“Not so fast,” Kevin cautioned. “We have another half-mile of fire break to clear here to ensure this mother doesn’t swing around and threaten Bakersfield.”
“Lieutenant.” Flash turned off her whirring saw to be heard. Pinning him with a serious expression, she pointed north. “Do you feel that, smell that? Do you hear it?” He looked over his shoulder, and she continued. “The Santa Ana winds—they’ve shifted. The fire wants to climb the slope, but there’s no more fuel. It’s going to come directly toward us next, and it isn’t that far away.”
“Are you sure?” Shane sidled up beside Flash, giving her a worried look. “Lieutenant Garcia, should we back up the four-wheel-drives and head out?”

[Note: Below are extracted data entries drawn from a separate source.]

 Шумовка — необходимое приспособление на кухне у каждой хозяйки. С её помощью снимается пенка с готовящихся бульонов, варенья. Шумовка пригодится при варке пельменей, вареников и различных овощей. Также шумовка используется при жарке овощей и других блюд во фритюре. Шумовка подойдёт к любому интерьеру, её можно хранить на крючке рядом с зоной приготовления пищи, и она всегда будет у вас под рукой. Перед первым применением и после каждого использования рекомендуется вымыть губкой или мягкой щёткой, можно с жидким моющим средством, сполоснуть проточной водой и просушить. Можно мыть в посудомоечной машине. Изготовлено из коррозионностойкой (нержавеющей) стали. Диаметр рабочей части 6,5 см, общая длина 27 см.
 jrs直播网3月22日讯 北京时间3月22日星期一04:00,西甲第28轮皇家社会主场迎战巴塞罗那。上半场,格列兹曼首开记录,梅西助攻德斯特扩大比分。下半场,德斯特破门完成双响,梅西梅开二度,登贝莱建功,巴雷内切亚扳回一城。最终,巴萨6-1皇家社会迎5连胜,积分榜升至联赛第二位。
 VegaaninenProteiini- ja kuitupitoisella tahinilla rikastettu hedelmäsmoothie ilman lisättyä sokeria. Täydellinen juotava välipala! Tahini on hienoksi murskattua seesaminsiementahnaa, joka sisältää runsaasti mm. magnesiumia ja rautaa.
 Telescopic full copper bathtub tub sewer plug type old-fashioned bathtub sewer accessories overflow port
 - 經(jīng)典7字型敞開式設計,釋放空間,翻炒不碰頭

“We’ve got another half hour at least,” he answered, “but I’ll check with the commander to see what he says. You all keep doing what you’re doing for now.”

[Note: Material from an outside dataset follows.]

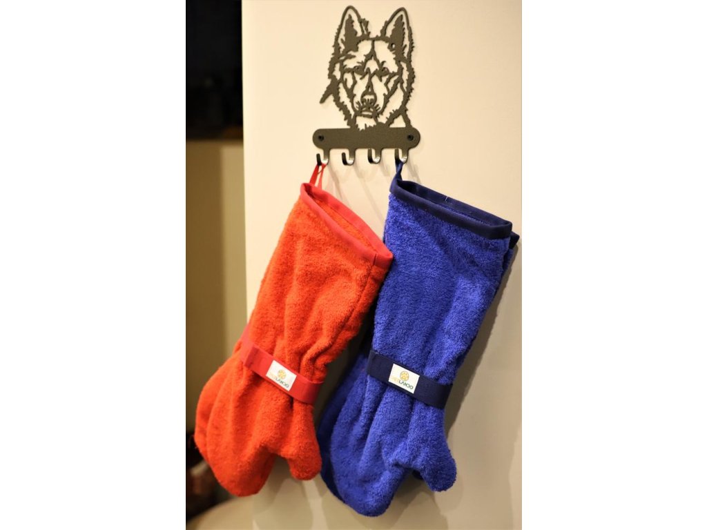 Sušící rukavice jsou ušité z dvojitého a savého bavlněného froté, které dobře absorbuje mokré nečistoty. Při každodenním užívání na nich oceníte háček na zavěšení, pohodlnou gumu a pásek se suchým zipem ideálním pro každou velikost zápěstí.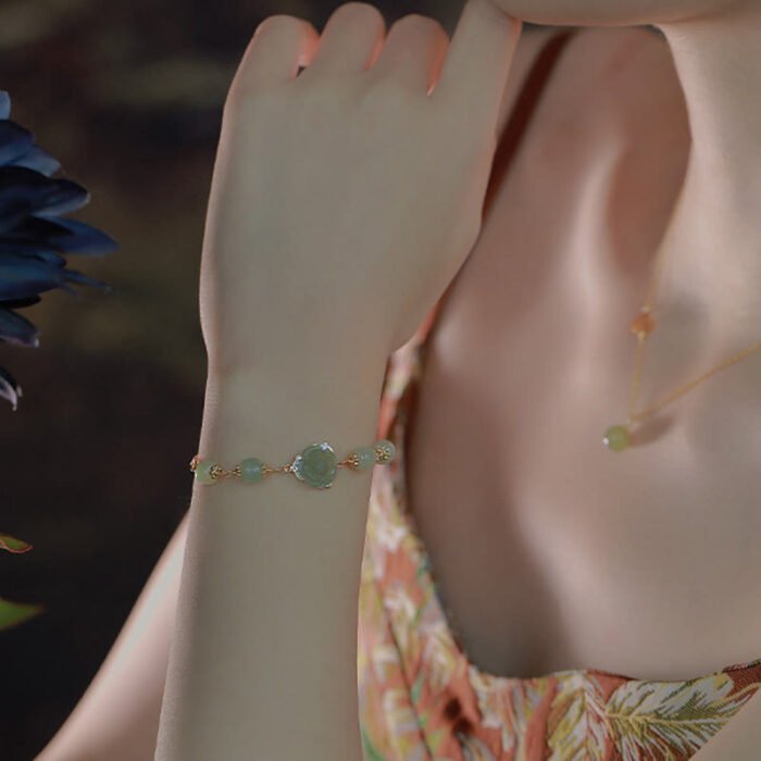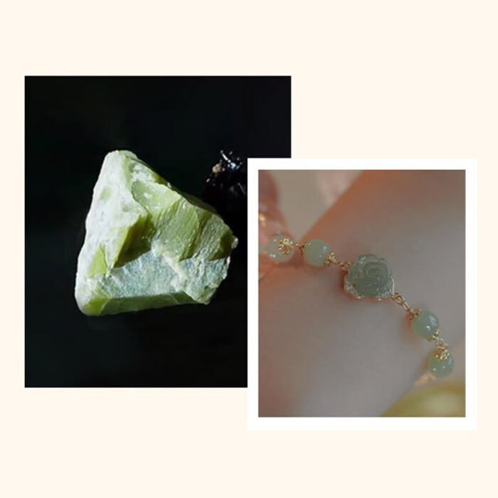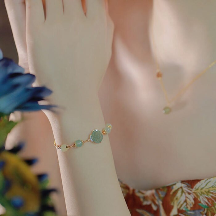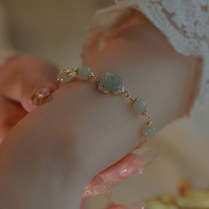 14K Gold Plated Hetian Jade Rose Flower Luck Chain Bracelet

With an uneasy glance at the engulfed forest to the north, Flash ripped the pull chord on her chainsaw, established a balanced stance, squeezed the trigger to rev the engine for a second, and returned to cutting her angled line into the next pine’s trunk, adding her raspy grind to the chorus of other saws. Men with axes chopped saplings and stripped branches from felled timber, while Shane resumed scraping leaves and needles from the cleared path.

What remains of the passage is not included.